BEGIN Dataset extract

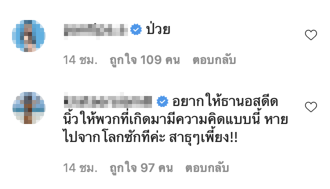 งานนี้คนดังในวงการหลายคน เช่น ปุ้มปุ้ย พรรณทิพา,กระแต อาร์สยามและ เมญ่า นนธวรรณ ก็ได้มาคอมเมนต์แสดงความคิดเห็นที่คิดตรงกันกับบุ๋มว่า “อยากให้ธานอสดีดนิ้วให้พวกที่เกิดมามีความคิดแบบนี้ หายไปจากโลกสักทีค่ะ สาธุ ๆ เพี้ยง !!”, “ป่วย”,”ตรรกะแบบ…..” แต่ละคนตัวแม่ทั้งนั้น
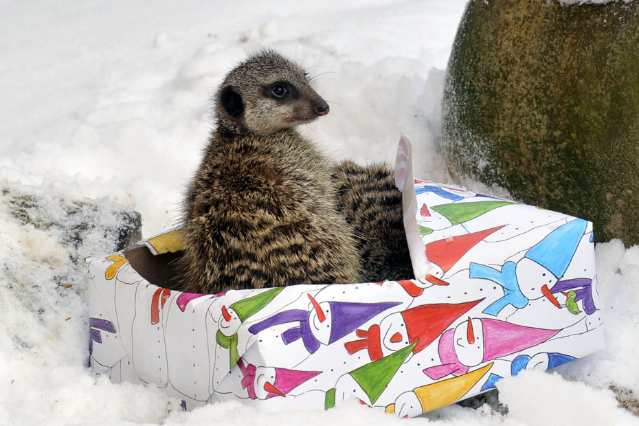 圖為德國北部城市漢諾威動物園幾只收到了圣誕禮物的狐獴。
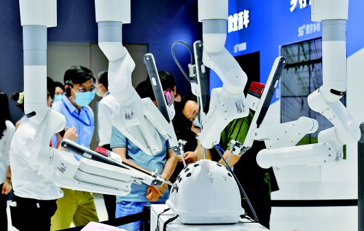 5月20日,在天津梅江会展中心,参观者在观看手术机器人展示。新华社记者赵子硕摄 |
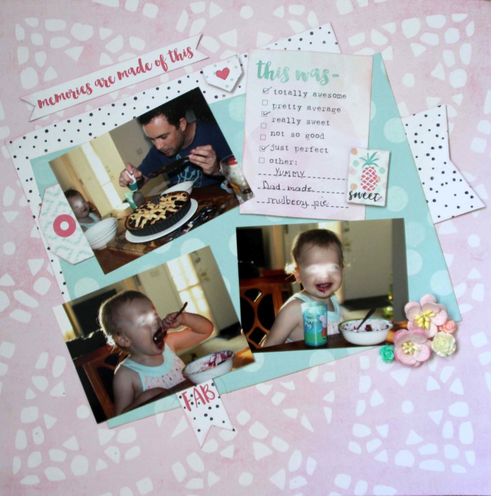 Layout for Off the Rails September challenge all about food. Both my sons are great cooks and this layout is about the mulberry pie one of our sons made which we all got to enjoy. He took cuttings from my parents mulberry tree in Adelaide in 2006..these mulberries are from that….My parents have passed away now and the tree is gone too so its a very special pie.
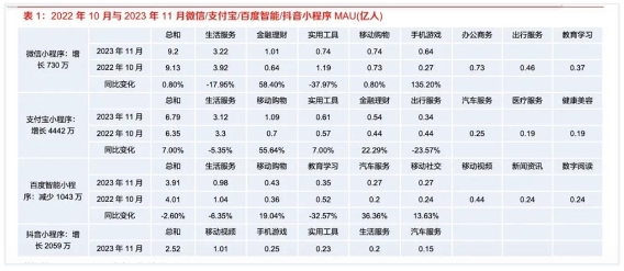 根據(jù) Questmobile 數(shù)據(jù),截至2023年11月,全網(wǎng)用戶月人均使用小程序個數(shù)同比上升5.0%,APP個數(shù)同比下降0.2%。
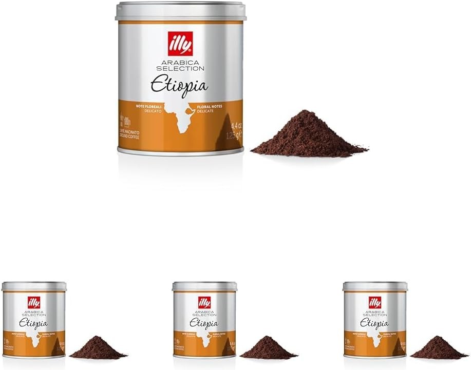illy Ground Coffee, Ethiopia Single Origin, Medium Roast, 100% Arabica, Ideal f

END Dataset extract

▶ **Assignment**: If an entry holds a picture, leave the picture out and repeat the rest exactly.

▶ **Answer section**:
 งานนี้คนดังในวงการหลายคน เช่น ปุ้มปุ้ย พรรณทิพา,กระแต อาร์สยามและ เมญ่า นนธวรรณ ก็ได้มาคอมเมนต์แสดงความคิดเห็นที่คิดตรงกันกับบุ๋มว่า “อยากให้ธานอสดีดนิ้วให้พวกที่เกิดมามีความคิดแบบนี้ หายไปจากโลกสักทีค่ะ สาธุ ๆ เพี้ยง !!”, “ป่วย”,”ตรรกะแบบ…..” แต่ละคนตัวแม่ทั้งนั้น
 圖為德國北部城市漢諾威動物園幾只收到了圣誕禮物的狐獴。
 5月20日,在天津梅江会展中心,参观者在观看手术机器人展示。新华社记者赵子硕摄 |
 Layout for Off the Rails September challenge all about food. Both my sons are great cooks and this layout is about the mulberry pie one of our sons made which we all got to enjoy. He took cuttings from my parents mulberry tree in Adelaide in 2006..these mulberries are from that….My parents have passed away now and the tree is gone too so its a very special pie.
 根據(jù) Questmobile 數(shù)據(jù),截至2023年11月,全網(wǎng)用戶月人均使用小程序個數(shù)同比上升5.0%,APP個數(shù)同比下降0.2%。
illy Ground Coffee, Ethiopia Single Origin, Medium Roast, 100% Arabica, Ideal f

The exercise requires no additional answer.